As it turns out, AI tools have been a fantastic addition to day-to-day writing work. In March 2024, we conducted a survey of more than 150 working content designers, and found that 82% use Large Language Models in their day-to-day work.
Over 50% of UX writers and content designers find LLMs either “very” or “somewhat” useful.
Although we’ve been writing about generative AI for years, no one could have predicted just how quickly Large Language Models have become a daily part of work. At first, it seemed as though AI might have a shrinking effect on the market, but that hasn’t been the case.

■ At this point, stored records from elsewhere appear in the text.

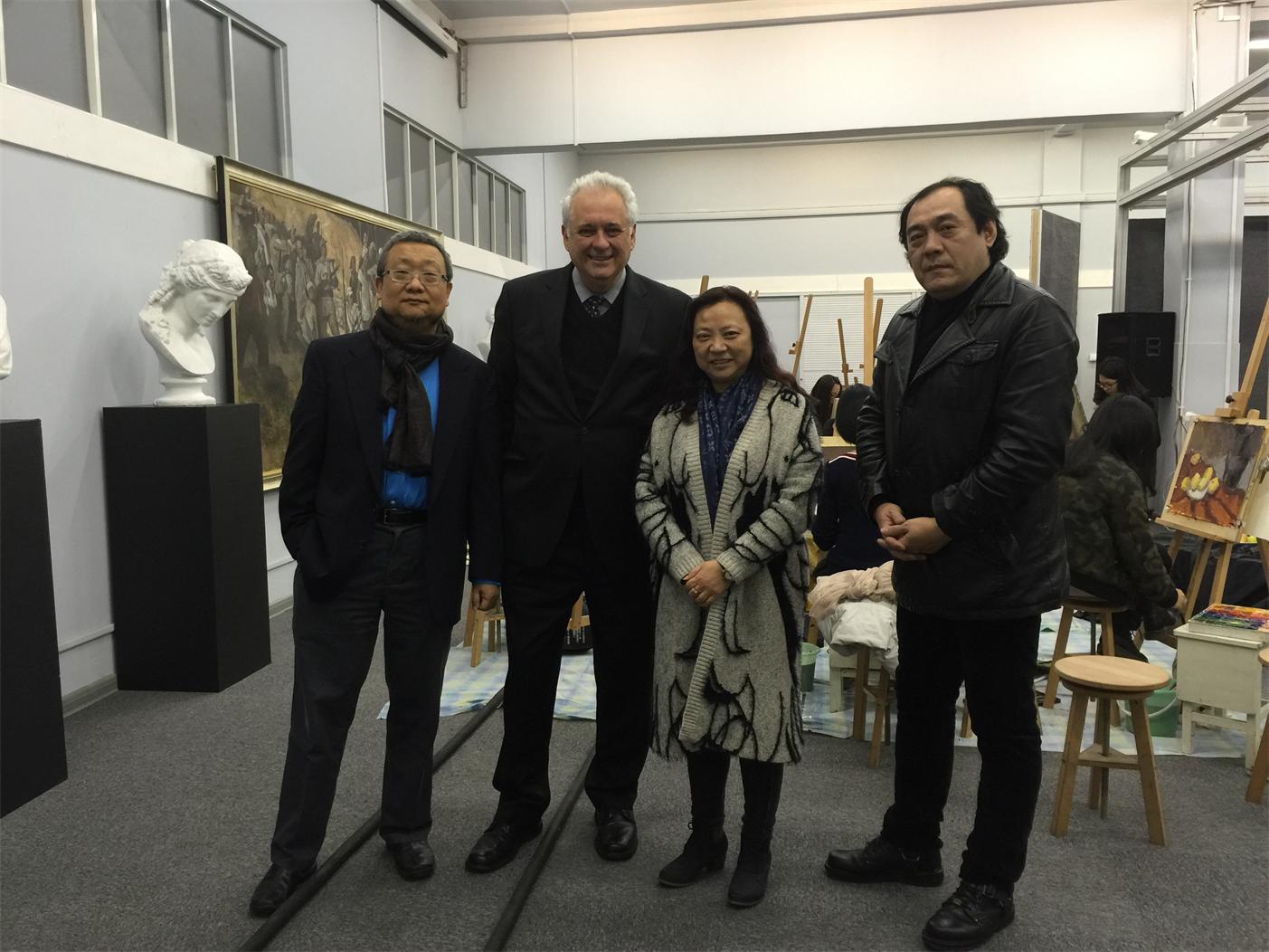 周晓鸣院长就两院自2009年开始的一年一度的“城市”主题综合设计项目进行了回顾,感谢Glen院长这6年来对两院间国际交流活动的大力支持,并就学院专业设置和教学特色及近年来国际化办学的发展战略和成果进行了一个简短的介绍。而美国劳伦斯理工大学建筑与设计学院院长Glen S. LeRoy教授则针对劳伦斯理工大学的教学及国际交流情况进行了介绍。双方就如何进一步拓展两校间的国际交流合作展开了探讨,内容涉及互授课程、国际会议及展览、学分认证、教学方式等。经过富有成效的讨论,双方院长就联合建立“中美参数化视觉艺术设计实验室”达成了高度的共识,并初步签署了“中美参数化视觉艺术设计实验室”合作协议书。
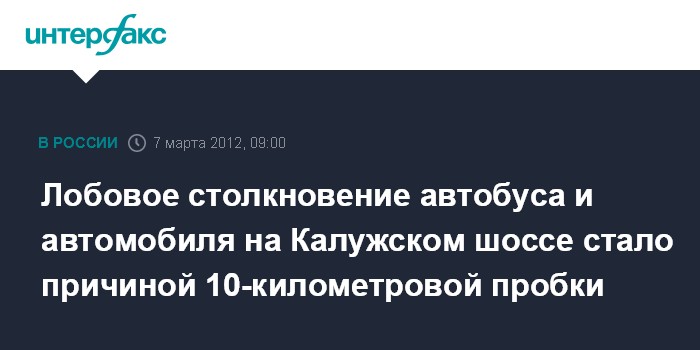Лобовое столкновение автобуса и автомобиля на Калужском шоссе стало причиной 10-километровой пробки
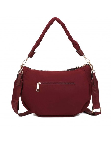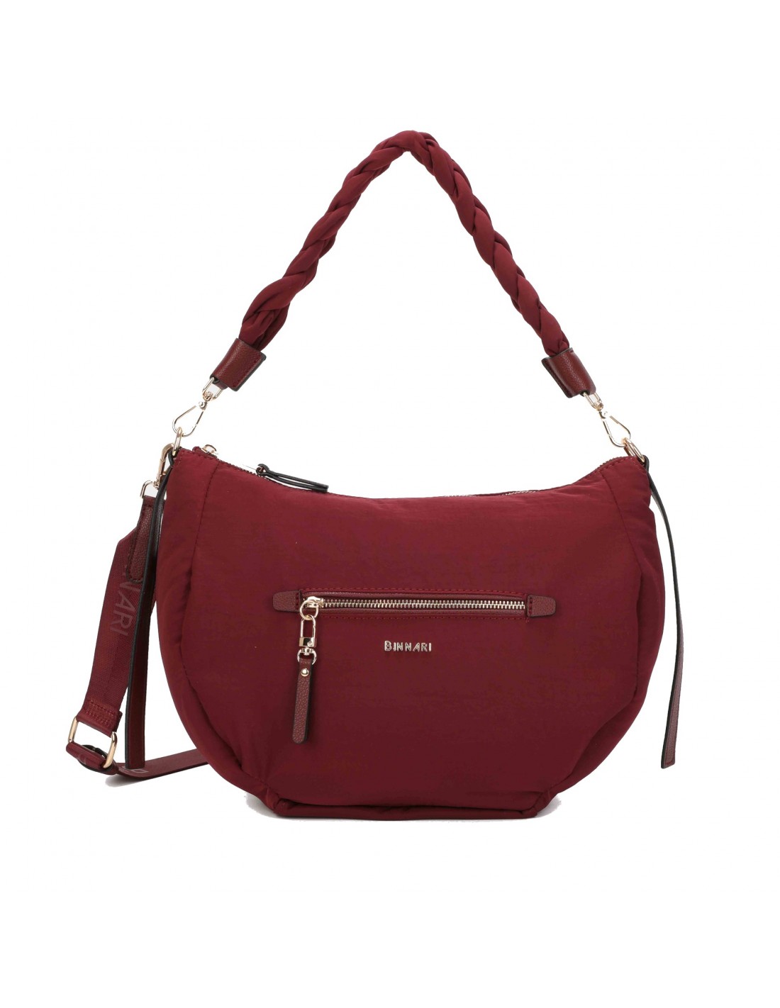 BOLSO DE HOMBRO CON BANDOLERA MEDIALUNA BINNARI EN COLOR BURDEOS
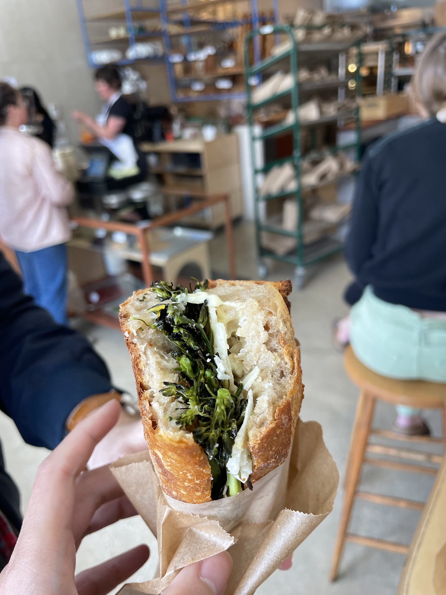 Original review: Home-runs that I'll be daydreaming about for a while: Baguette: It was warm and delicious. We devoured the whole thing on our walk home. The crust had the perfect crisp/crunch and the inside was soft. I think it was whole wheat sourdough. Strawberry scone: It was a totally different texture than the scones I'm used to. Instead of being buttery, sweet, and kind of dry, it was gooey and delicious. I think they used fresh strawberries, which helped add moisture. The top was dusted with sugar, but the scone wasn't overly sweet. Great scone! Chocolate chip cookie: Incredible. Great texture and flavor. Not too sweet. No notes.
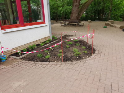 Wir haben einige brachliegende Flächen, die wir nun zeitnah mit den Kindern so bearbeiten möchten, dass wir sie bepflanzen können. Dabei ist uns wichtig, dass wir durch die Bepflanzung möglichst Bienen und Vögeln vielfältige Nahrungsquellen anbieten.
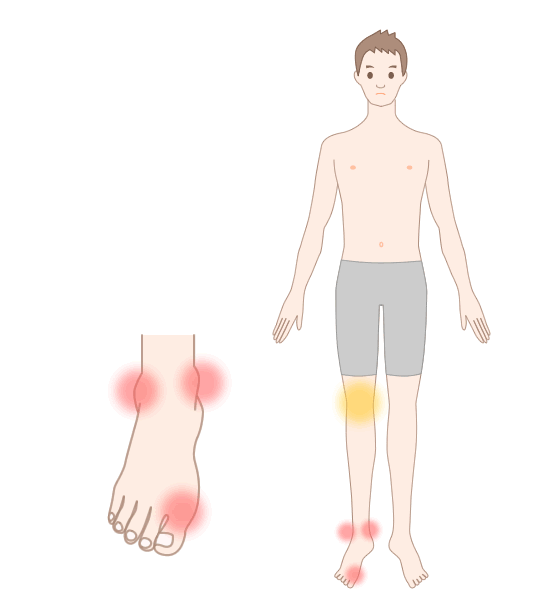 痛風発作が起きやすい場所 好発部位 はどこ?どんな症状が現れる。
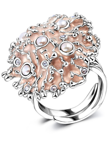 Серебряное кольцо Жар-Птица с жемчугом
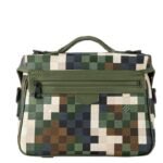 Measuring a generous 12.2 x 8.7 x 4.3 inches (length x height x width), this bag is not only visually striking but also designed for practical functionality. The Camouflage Green canvas commands attention, while the leather trim and black-color hardware add a touch of refinement.
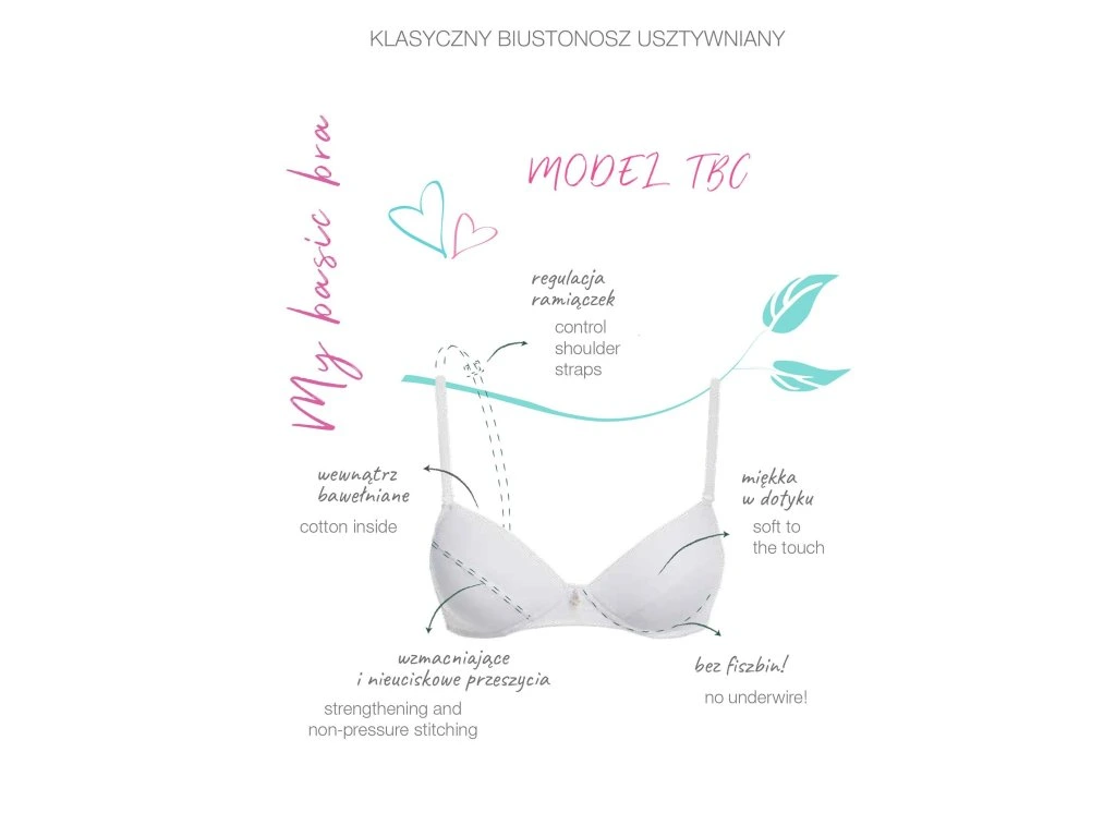 ● usztywniane miseczki, wzmocnione gąbką i przeszyciami zamiast fiszbin

But there’s a reason why content designers and UX writers find AI useful: they already have a substantial amount of knowledge and skill to make AI work for them. Without that knowledge, LLMs are just a toy. It’s like handing someone a circular saw if they have no carpentry experience. What would be the point?
So when it comes to the question, “can AI replace UX writing?,” the answer is more complex than just “yes” or “no.” It really depends on the skill of the individual.

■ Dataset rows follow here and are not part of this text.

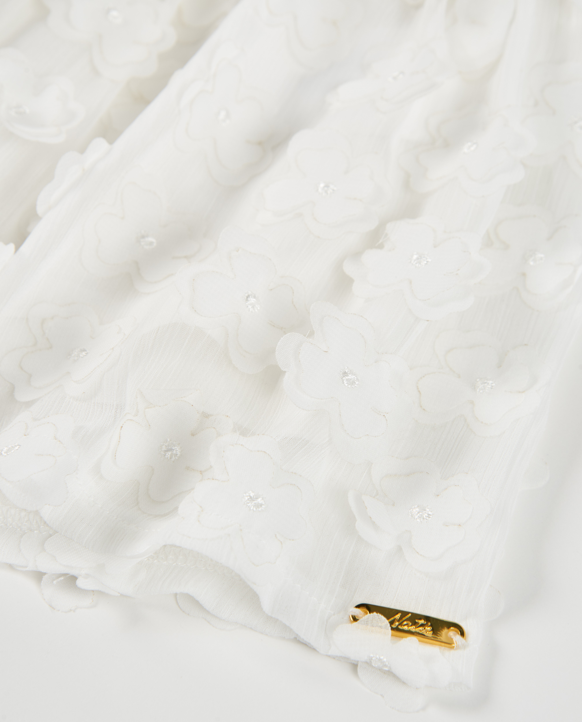 Το παιδικό φόρεμα για κορίτσια Nathkids σε λευκή απόχρωση αποπνέει ρομαντισμό και κομψότητα, αποτελώντας ιδανική επιλογή για ιδιαίτερες περιστάσεις και καλοκαιρινές εμφανίσεις. Κατασκευασμένο από ανάλαφρο ύφασμα με διακριτικές τρισδιάστατες floral λεπτομέρειες σε όλη την επιφάνεια, χαρίζει μοναδική υφή και αέρινη κίνηση σε κάθε βήμα. Διαθέτει στρογγυλή λαιμόκοψη και κοντά μανίκια με απαλή, ελαφρώς βολάν γραμμή που προσθέτουν girly χαρακτήρα, ενώ η ελαφρώς χαμηλή ραφή στη μέση δημιουργεί διακριτικό βολάν στο τελείωμα για πιο ρομαντική σιλουέτα. Η άνετη εφαρμογή επιτρέπει ελευθερία κινήσεων, ενώ το εσωτερικό ύφασμα προσφέρει ευχάριστη αίσθηση στο σώμα. Το λευκό χρώμα αναδεικνύει τη λεπτομέρεια του σχεδίου και συνδυάζεται ιδανικά με μπαλαρίνες ή πέδιλα για γιορτές, βαπτίσεις, σχολικές εκδηλώσεις ή καλοκαιρινές εξόδους. Ένα κομψό και διαχρονικό φόρεμα που χαρίζει λάμψη και φινέτσα σε κάθε μικρή πριγκίπισσα.
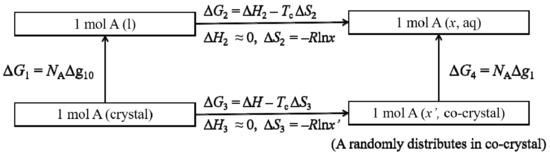 The next step is to find the quantitative relation between Δgi and the composition in the system. We define x’ as the volume fraction of component A in the critical secondary nucleus consisting of n1* A molecules and n2* B molecules, and x’ is approximately equal to the molar fraction n1*/(n1* + n2*). Considering that the mixing of A and B in the melt is homogeneous at the molecular level, and A molecules and B molecules randomly distribute in the critical secondary nucleus, which brings the entropy of mixing to the critical secondary nucleus, and assuming that the enthalpy of mixing A and B is zero in both the melt and co-crystal nucleus (due to the similarity between the urea and thiourea molecules when they form co-crystals in this work), the equivalent thermodynamic process is shown in Scheme 1 to calculate the absolute value of Δg1, the Gibbs free energy change of one A molecule (or entity). Equation (5) is deduced from the equation ΔG1 + ΔG2 = ΔG3 + ΔG4 in Scheme 1, and a similar analysis can be used to deduce Equation (6).
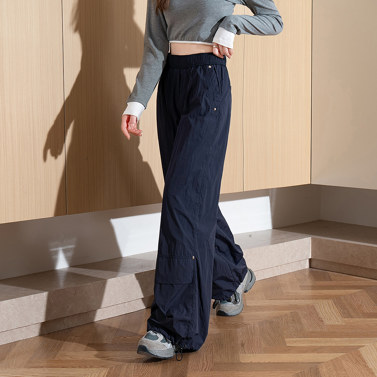 斯凯奇闪穿裤|伞兵裤女装柔软保暖裤春季运动裤工装裤长裤直筒裤
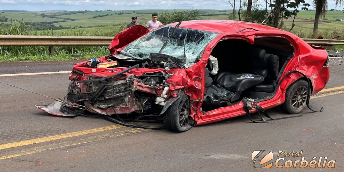 Na tarde desta quarta-feira (01/01) um gravíssimo acidente ocorreu na BR-369, próximo a Corbélia, deixando uma pessoa presa nas ferragens. O incidente, que resultou em uma colisão frontal, envolveu um Voyage com placas da Argentina, que seguia no sentido Ubiratã, e um Lancer de Seara, Santa Catarina.
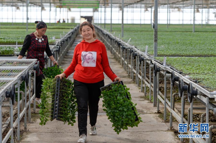 在新疆阿克陶縣現代設施農業(yè)產業(yè)扶貧基地,工人在育苗溫室內搬運菜苗(3月22日攝)。新華社記者 丁磊 攝
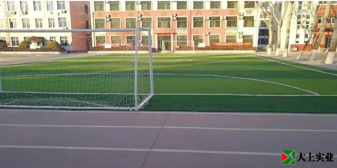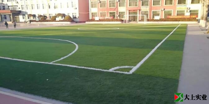 大上實業(yè)對足球場進行了改建,足球場由原來的水泥面改建成現(xiàn)在的人工草坪球場。該球場規(guī)格為:40.05米*23米,填充白色石英砂和環(huán)保橡膠顆粒。
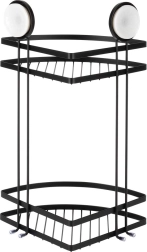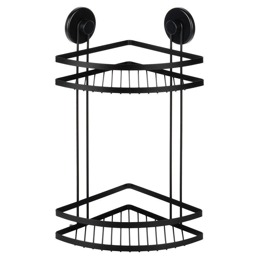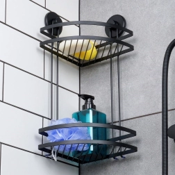 Praktická rohová sprchová polička s dvěma úrovněmi a montáží na přísavky udrží vaše kosmetické potřeby vždy po ruce. Odolná konstrukce z kovu v matné černé, bez vrtání, snadná instalace a nosnost až 3,5 kg z ní dělají ideální řešení pro organizaci koupelny.
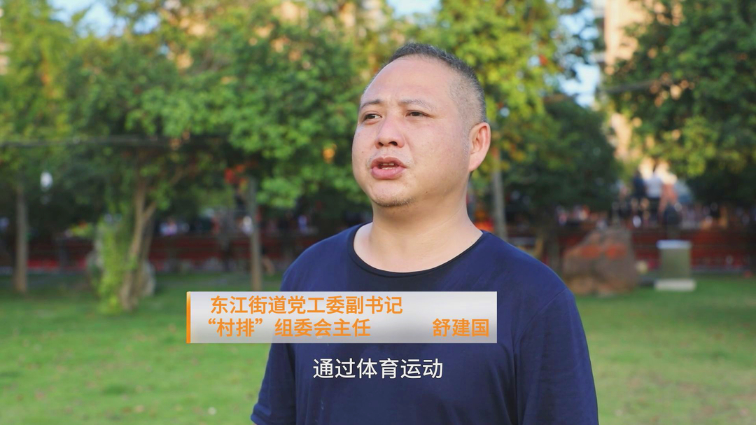 东江街道有热爱运动的传统,以前,当地就在刚收完稻谷的田间地头打起排球,我们要重新擦亮“排球之乡”的名片,我们一直在改善加强辖区内健身场地、设施的建设,让居民“少打牌”“多打排”,提升居民的运动素养,丰富业余生活。

And we’re quickly discovering that there is a gap between UX writers and content designers who know how to embrace AI, and those who are being left behind.
It’s important to remember that any new technology brings a certain amount of hype that isn’t fully supported by the technology itself. Our imaginations run wild and we picture all types of drastic scenarios.
Immediately after OpenAI released ChatGPT in 2022, it was speculated jobs would soon disappear replaced by digital assistants. The truth is much more nuanced. Although the tech market did suffer an adjacent decline due to over-hiring, many jobs have returned—and unemployment in the United States remains low as of April 2024. Overall, AI hasn’t caused a surge in job losses.
But that doesn’t mean AI hasn’t had an impact. As we discovered in our survey of more than 150 UX writers and content designers, AI has had a substantial effect on people who write user interface text. Many of those people now rely on AI as a day-to-day design tool, much like Figma, Miro, or Notion.
That efficiency may lead to a consolidation of teams, but it hasn’t so far. In fact, the 2024 jobs market for content designers and UX writers remains strong.
But there’s a reason why these content designers and UX writers find AI useful. They already have the skills and knowledge to do the job well—and therefore know what to ask an AI assistant as part of a work process. That knowledge is half the reason why AI is useful in the first place.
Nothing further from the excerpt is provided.